> _Work instruction_
Where an image appears, leave it out; otherwise repeat the data exactly.

> _Recorded information_
══════
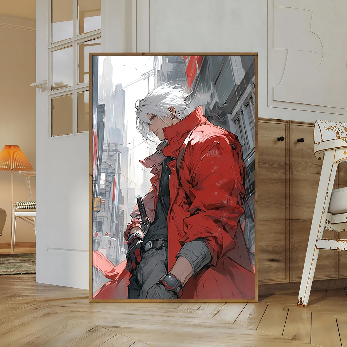 This exceptional print brings the legendary Son of Sparda to life with breathtaking artistic detail. The artwork portrays a character instantly recognizable as Dante Devil May Cry, captured in a moment of quiet intensity against a sprawling, modern cityscape. His signature white hair is windswept, and his iconic red coat billows around him, rendered with a dynamic, painterly quality that emphasizes movement and power. The art style is a masterful blend of gritty urban realism and sharp anime aesthetics, perfectly reflecting the tone of DMC 5. The determined look on his face and the casual yet ready posture, with his hand resting near his sword, speak volumes about his confidence and demon-slaying prowess. The cool color palette of the background makes the vibrant red of his coat pop, drawing the eye and making this a commanding centerpiece for any room. It’s a sophisticated and stylish interpretation that honors the character’s long and storied history.
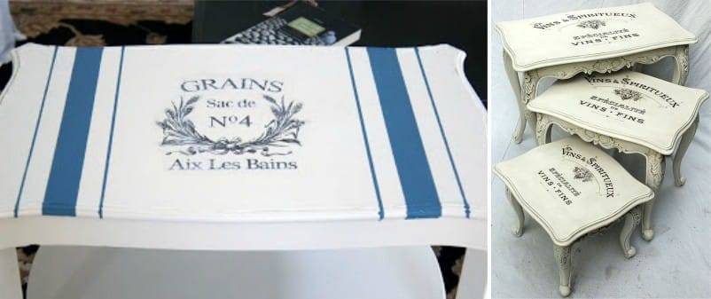 Если вы не хотите останавливаться на достигнутом или ваш стол не имеет серьезных повреждений, а просто нуждается в небольшом обновлении, то вы можете украсить стол рисунками: расписать его акриловыми красками вручную, использовать трафареты и штампы, либо обновить стол с помощью декупажа. Пожалуй, именно эту популярную сегодня технику декора мы рассмотрим подробнее, ведь декупаж позволит не только бюджетно и быстро преобразить стол или, например, стилизовать его под Шебби шик (как на фото ниже), но и скрыть некоторые дефекты обветшалой поверхности.
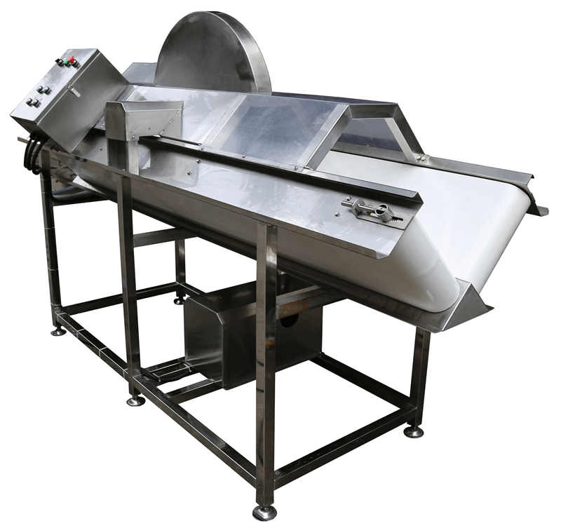 2、 用60度以上溫水將切菜機(jī)傳送帶及切片機(jī)清洗潔凈。
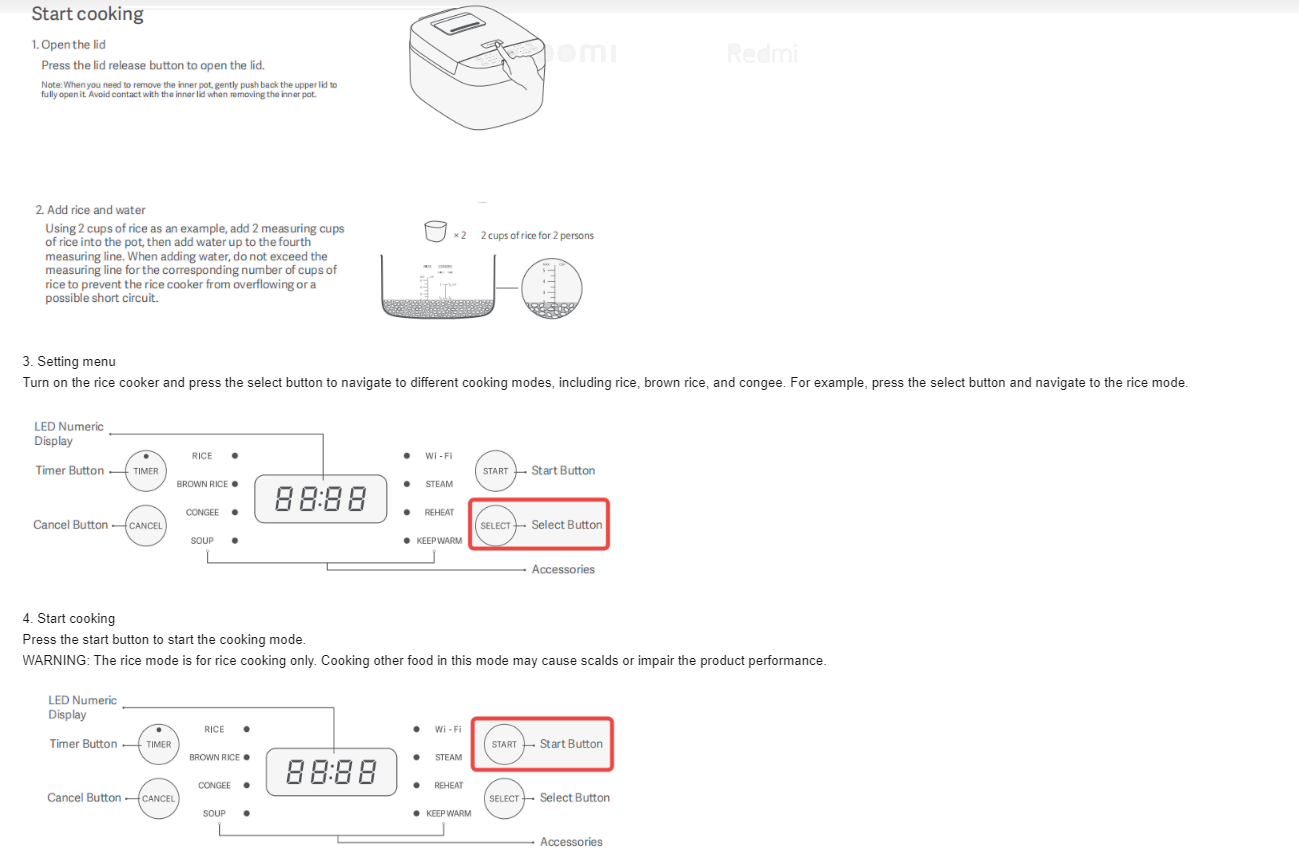 1- Open the lid Press the lid release button to open the lid. Note: When you need to remove the inner pot, gently push back the upper lid to fully open it. Avoid contact with the inner lid when removing the inner pot. 2- Add rice and water Using 2 cups of rice as an example, add 2 measuring cups of rice into the pot, then add water up to the fourth measuring line. When adding water, do not exceed the measuring line for the corresponding number of cups of rice to prevent the rice cooker from overflowing or a possible short circuit. 3- Setting menu Turn on the rice cooker and press the select button to navigate to different cooking modes, including rice, brown rice, and congee. For example, press the select button and navigate to the rice mode. 4- Start cooking Press the start button to start the cooking mode. WARNING: The rice mode is for rice cooking only. Cooking other food in this mode may cause scalds or impair the product performance.
══════
> _Solution to this problem_
 This exceptional print brings the legendary Son of Sparda to life with breathtaking artistic detail. The artwork portrays a character instantly recognizable as Dante Devil May Cry, captured in a moment of quiet intensity against a sprawling, modern cityscape. His signature white hair is windswept, and his iconic red coat billows around him, rendered with a dynamic, painterly quality that emphasizes movement and power. The art style is a masterful blend of gritty urban realism and sharp anime aesthetics, perfectly reflecting the tone of DMC 5. The determined look on his face and the casual yet ready posture, with his hand resting near his sword, speak volumes about his confidence and demon-slaying prowess. The cool color palette of the background makes the vibrant red of his coat pop, drawing the eye and making this a commanding centerpiece for any room. It’s a sophisticated and stylish interpretation that honors the character’s long and storied history.
 Если вы не хотите останавливаться на достигнутом или ваш стол не имеет серьезных повреждений, а просто нуждается в небольшом обновлении, то вы можете украсить стол рисунками: расписать его акриловыми красками вручную, использовать трафареты и штампы, либо обновить стол с помощью декупажа. Пожалуй, именно эту популярную сегодня технику декора мы рассмотрим подробнее, ведь декупаж позволит не только бюджетно и быстро преобразить стол или, например, стилизовать его под Шебби шик (как на фото ниже), но и скрыть некоторые дефекты обветшалой поверхности.
 2、 用60度以上溫水將切菜機(jī)傳送帶及切片機(jī)清洗潔凈。
 1- Open the lid Press the lid release button to open the lid. Note: When you need to remove the inner pot, gently push back the upper lid to fully open it. Avoid contact with the inner lid when removing the inner pot. 2- Add rice and water Using 2 cups of rice as an example, add 2 measuring cups of rice into the pot, then add water up to the fourth measuring line. When adding water, do not exceed the measuring line for the corresponding number of cups of rice to prevent the rice cooker from overflowing or a possible short circuit. 3- Setting menu Turn on the rice cooker and press the select button to navigate to different cooking modes, including rice, brown rice, and congee. For example, press the select button and navigate to the rice mode. 4- Start cooking Press the start button to start the cooking mode. WARNING: The rice mode is for rice cooking only. Cooking other food in this mode may cause scalds or impair the product performance.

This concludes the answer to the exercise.